(Stored entries)
"""
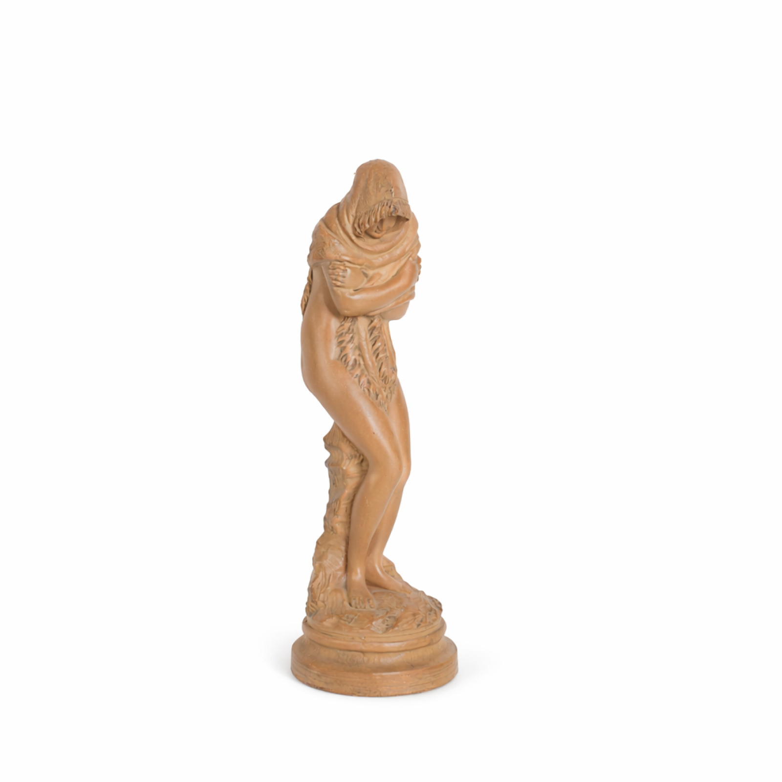 D'après Jean-Antoine HOUDON (1741-1828), "La frileuse", terre cuite sur socle, H. 27 cm
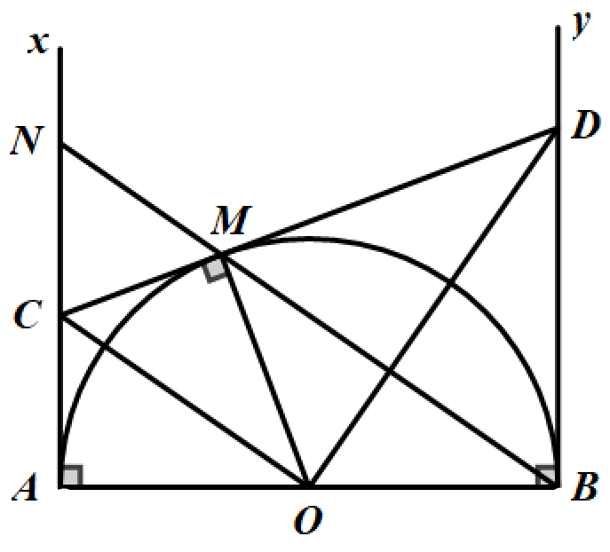 Cho nửa đường tròn tâm $O$ có đường kính $AB = 2R$. Gọi $Ax,By$ là các tia vuông góc với $AB\,\,(Ax,By$ và nưa đường tròn thuộc cùng một nửa mặt phẳng bờ $AB)$. Qua điểm $M$ thuộc nửa đường tròn ($M$ khác $A$ và $B$), kẻ tiếp tuyến với nửa đường tròn, cắt $Ax,By$ theo thứ tự tại C và D.
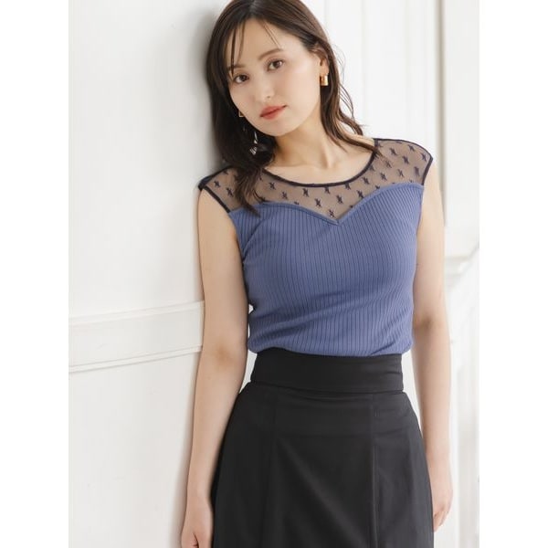 春夏にぴったりなリブ調のカットソー生地に、伸縮性のあるシアー生地をドッキングした、ストレスフリーな着心地のシアー切り替えノースリカットプルオーバーです。デコルテラインに透け感のあるシアー素材を大胆にあしらい、カットソー生地と異素材ミックスさせたデザインは、モードで大人っぽい印象へと導きます。日本メーカーのカットソーとレースを使用しました。程よく身体にフィットするシルエットで、様々なボトムに合わせやすいデザインです。
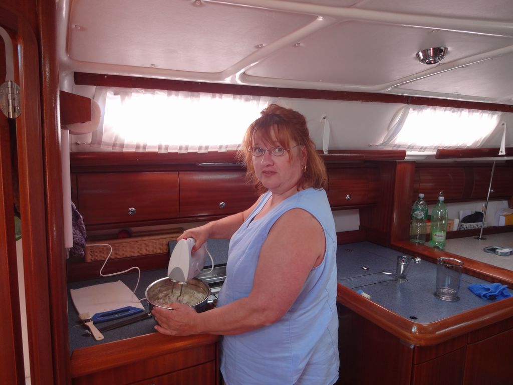 Ich habe ein Brot gebacken und einen Teil von der etwas aufgerissenen Vorsegelpersenning nach genäht.
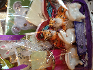 Basket filled with gifts including ceramic bunnies, tiger salt and pepper shakers, beautiful cards, votive candle holder, note paper and more! Thank you: My Secret Garden
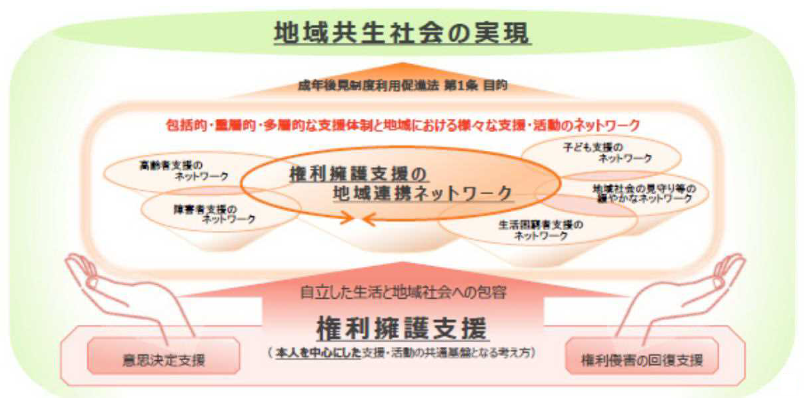 「権利擁護支援の必要な人の発見・支援」、「早期の段階からの相談・対応体制の整備」、「意思決定支援・身上保護を重視した成年後見制度の運用に資する支援体制の構築」という3つの役割を念頭に、既存の保健・医療・福祉の連携(医療・福祉につながる仕組み)に司法も含めた連携の仕組みを構築するものとされ、「チーム」「協議会」「中核機関」を構成要素とします。
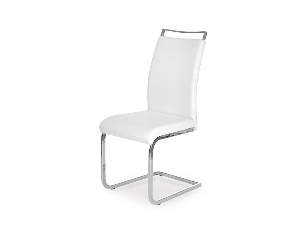 Pevná konstrukce z chromované oceli spolu s čalouněním z bílé ekokůže poskytuje nejen luxusní vzhled, ale také snadnou údržbu a dlouhou životnost. V horní části opěradla se nachází praktické madlo, které usnadňuje manipulaci se židlí.
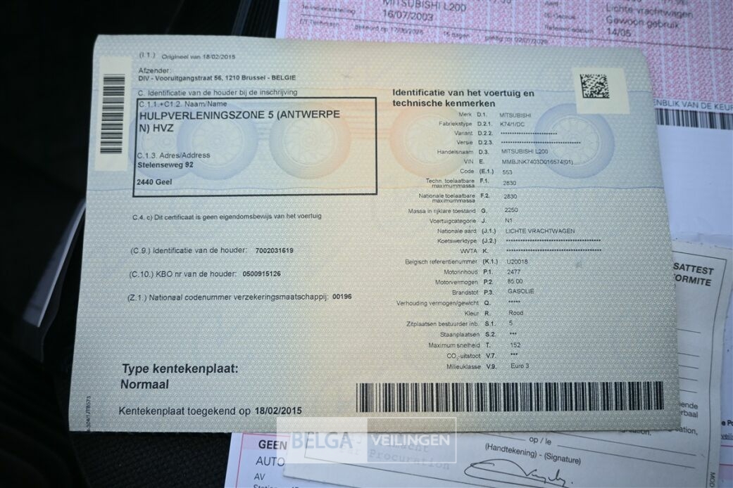| Inschrijvingsbewijs: | Kentekenbewijs deel 1 + ? |
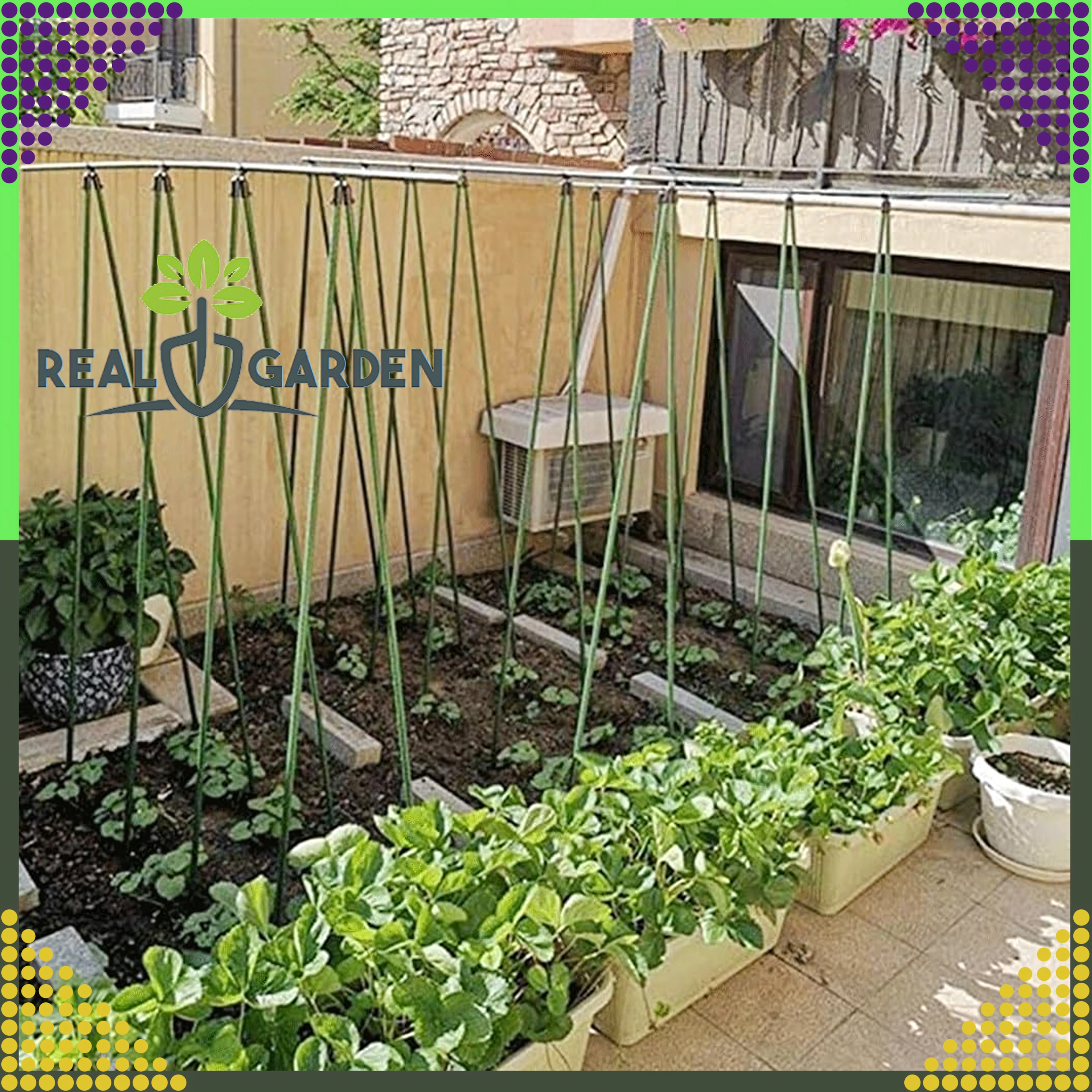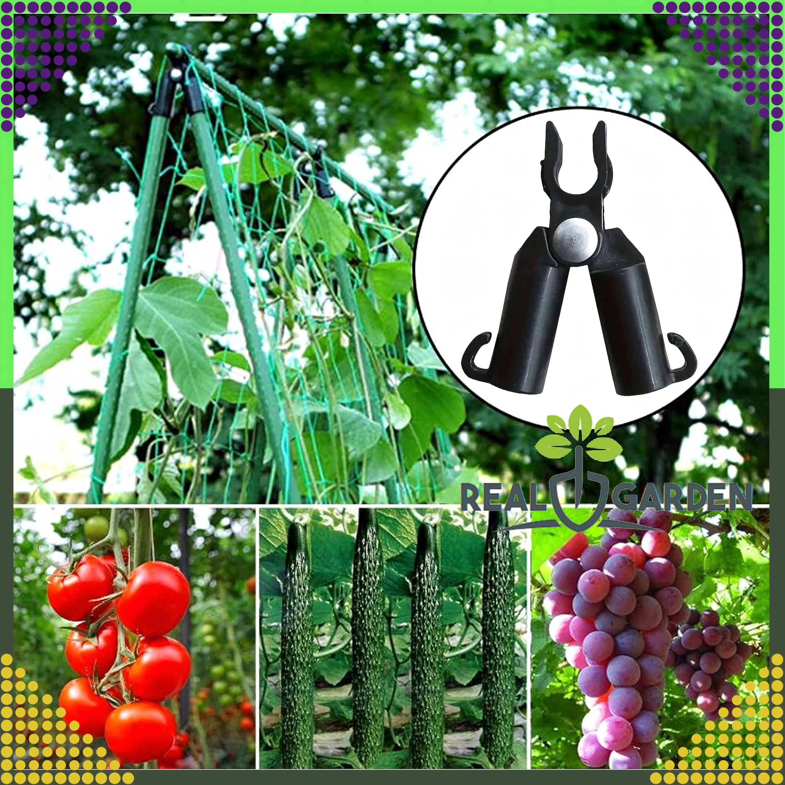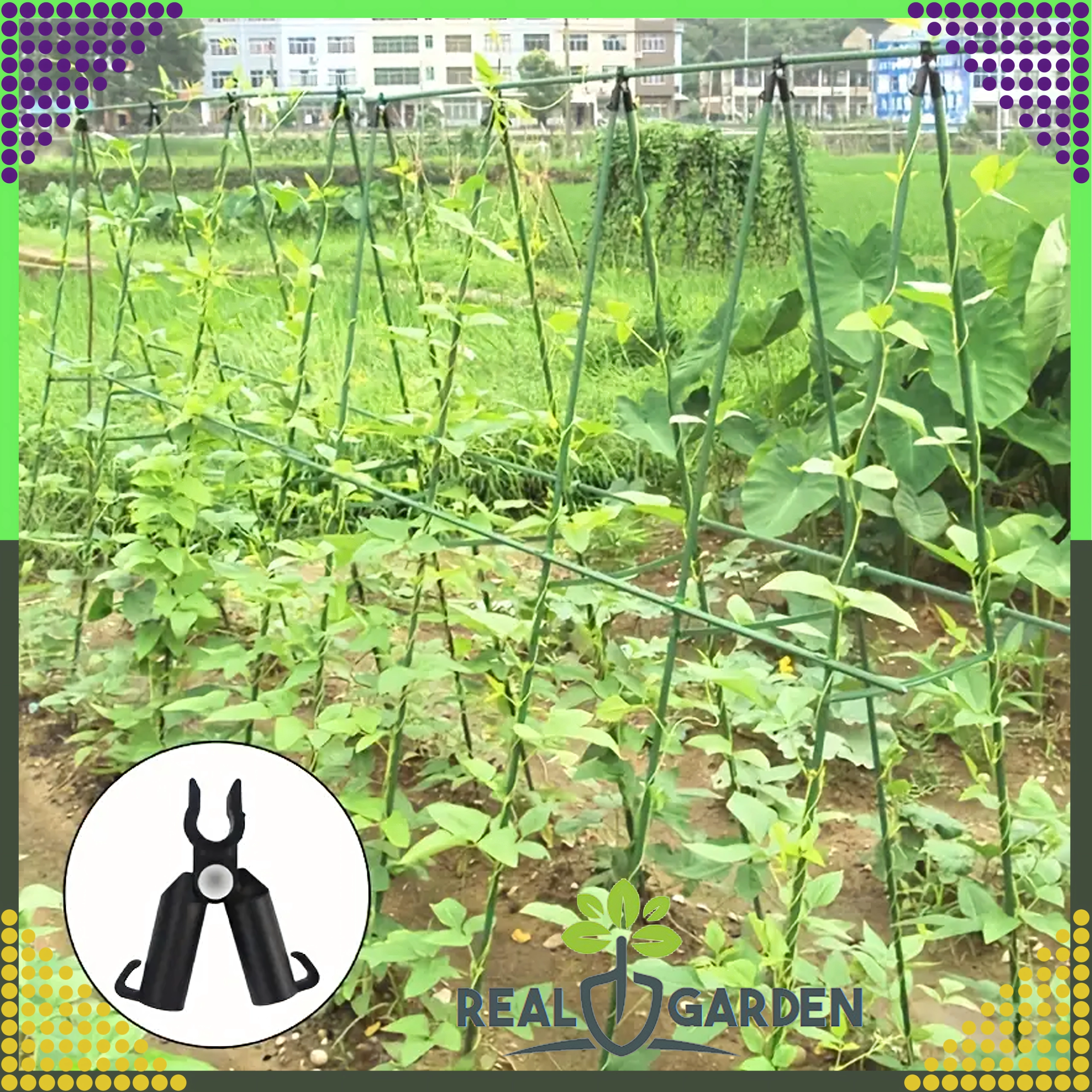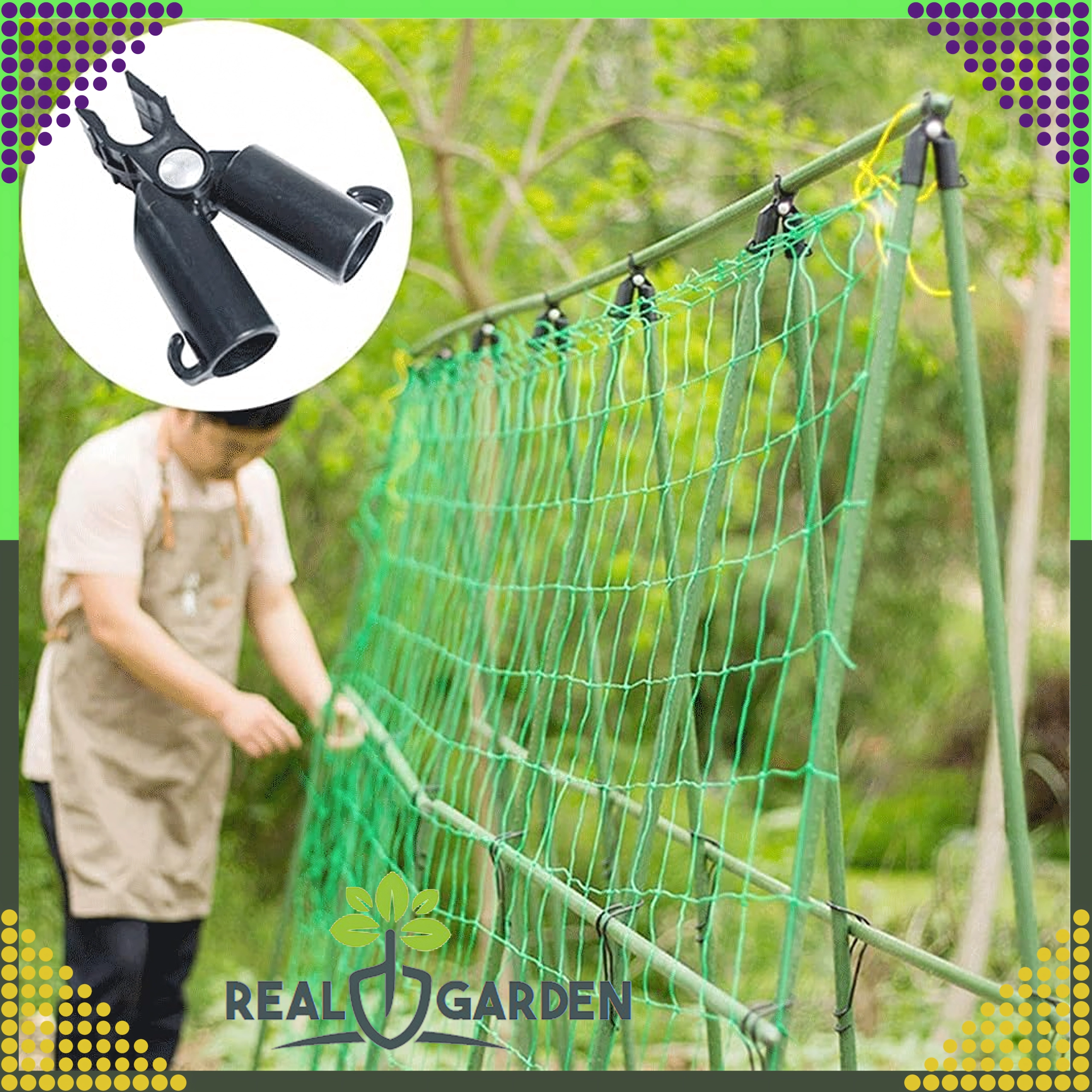 Szczytowy przegubowy łącznik T Real Garden ułatwia budowę ram, konstrukcji w kształcie litery A oraz podpór dla pomidorów, fasoli czy ogórków. Dzięki połączeniu mocnego plastiku i elementów metalowych zapewnia stabilne zespolenie ogrodowych prętów o średnicy 9 mm i sprawdza się podczas długotrwałego użytkowania na zewnątrz.
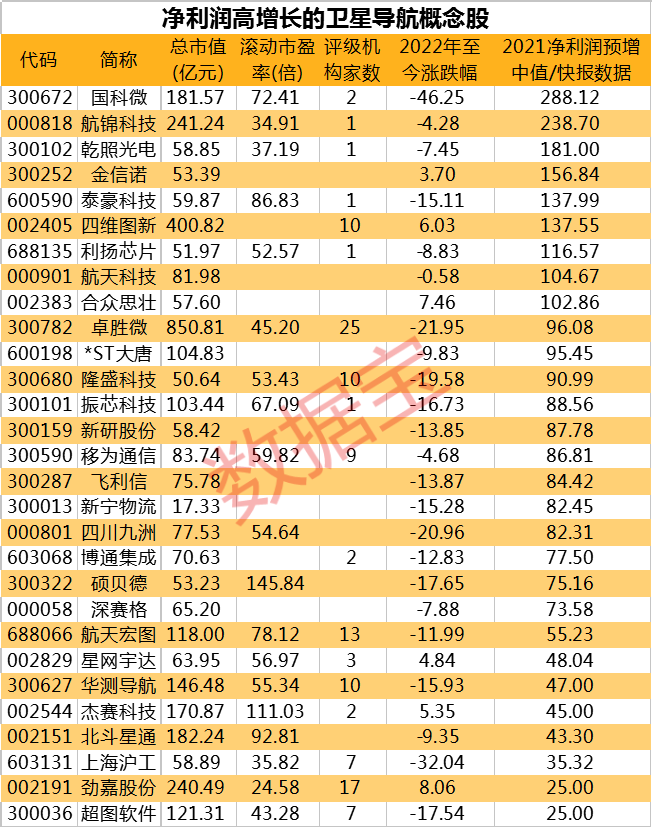 证券时报·数据宝梳理了净利润增幅逾25%的卫星导航概念股名单。市场表现方面,29股自新年以来平均下跌10.66%,仅劲嘉股份、合众思壮、四维图新、杰赛科技等4股涨逾5%;上海沪工和国科微回撤居前,幅度均超30%。
"""
- _Exercise prompt_
Your answer must contain the full data, repeated exactly, without pictures.

- _Written reply_
 D'après Jean-Antoine HOUDON (1741-1828), "La frileuse", terre cuite sur socle, H. 27 cm
 Cho nửa đường tròn tâm $O$ có đường kính $AB = 2R$. Gọi $Ax,By$ là các tia vuông góc với $AB\,\,(Ax,By$ và nưa đường tròn thuộc cùng một nửa mặt phẳng bờ $AB)$. Qua điểm $M$ thuộc nửa đường tròn ($M$ khác $A$ và $B$), kẻ tiếp tuyến với nửa đường tròn, cắt $Ax,By$ theo thứ tự tại C và D.
 春夏にぴったりなリブ調のカットソー生地に、伸縮性のあるシアー生地をドッキングした、ストレスフリーな着心地のシアー切り替えノースリカットプルオーバーです。デコルテラインに透け感のあるシアー素材を大胆にあしらい、カットソー生地と異素材ミックスさせたデザインは、モードで大人っぽい印象へと導きます。日本メーカーのカットソーとレースを使用しました。程よく身体にフィットするシルエットで、様々なボトムに合わせやすいデザインです。
 Ich habe ein Brot gebacken und einen Teil von der etwas aufgerissenen Vorsegelpersenning nach genäht.
 Basket filled with gifts including ceramic bunnies, tiger salt and pepper shakers, beautiful cards, votive candle holder, note paper and more! Thank you: My Secret Garden
 「権利擁護支援の必要な人の発見・支援」、「早期の段階からの相談・対応体制の整備」、「意思決定支援・身上保護を重視した成年後見制度の運用に資する支援体制の構築」という3つの役割を念頭に、既存の保健・医療・福祉の連携(医療・福祉につながる仕組み)に司法も含めた連携の仕組みを構築するものとされ、「チーム」「協議会」「中核機関」を構成要素とします。
 Pevná konstrukce z chromované oceli spolu s čalouněním z bílé ekokůže poskytuje nejen luxusní vzhled, ale také snadnou údržbu a dlouhou životnost. V horní části opěradla se nachází praktické madlo, které usnadňuje manipulaci se židlí.
| Inschrijvingsbewijs: | Kentekenbewijs deel 1 + ? |
 Szczytowy przegubowy łącznik T Real Garden ułatwia budowę ram, konstrukcji w kształcie litery A oraz podpór dla pomidorów, fasoli czy ogórków. Dzięki połączeniu mocnego plastiku i elementów metalowych zapewnia stabilne zespolenie ogrodowych prętów o średnicy 9 mm i sprawdza się podczas długotrwałego użytkowania na zewnątrz.
 证券时报·数据宝梳理了净利润增幅逾25%的卫星导航概念股名单。市场表现方面,29股自新年以来平均下跌10.66%,仅劲嘉股份、合众思壮、四维图新、杰赛科技等4股涨逾5%;上海沪工和国科微回撤居前,幅度均超30%。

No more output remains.